For their study, Wu and her colleagues blocked the CHRNA2 pathway only in adipocytes in mice, and then fed the mice a high-fat diet. Without the CHRNA2 receptor proteins, the mice showed greater weight gain than normal mice, and were less able to activate thermogenesis in response to excess food intake.

Wu believes the findings are particularly exciting in light of another research team’s recent discovery of a new type of beige fat that is not regulated by catecholamine. This newest study from the LSI indicates that this subpopulation of beige fat, called glycolytic beige fat (or g-beige fat), can be activated through the CHRNA2 pathway.

“Many patients with metabolic disorders have catecholamine resistance, meaning their cells do not detect or respond to catecholamine,” said Wu, who is also an assistant professor of molecular and integrative physiology at the U-M Medical School.
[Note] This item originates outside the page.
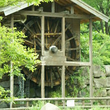 大雨の時は、この水車小屋の半分まで水量が増えるよう、です。

“So even if it could be done safely, activating that adrenergic pathway would not be an effective treatment option for such patients. This new pathway, with this new subtype of beige fat, could be the beginning of a whole new chapter for approaching this challenge.”

The research was supported by the National Institutes of Health, American Diabetes Association, Chinese Scholarship Council and Michigan Life Sciences Fellows program.

Study authors are: Heejin Jun, Shanshan Liu, Jine Wang, Alexander Knights, Margot Emont, X.Z. Shawn Xu and Jun Wu of U-M; Yingxu Ma of U-M and Central South University, China; Yong Chen and Shingo Kajimura of the University of California, San Francisco; Jianke Gong of U-M and the Huazhong University of Science and Technology; and Xiaona Qiao of U-M and Fudan University, China.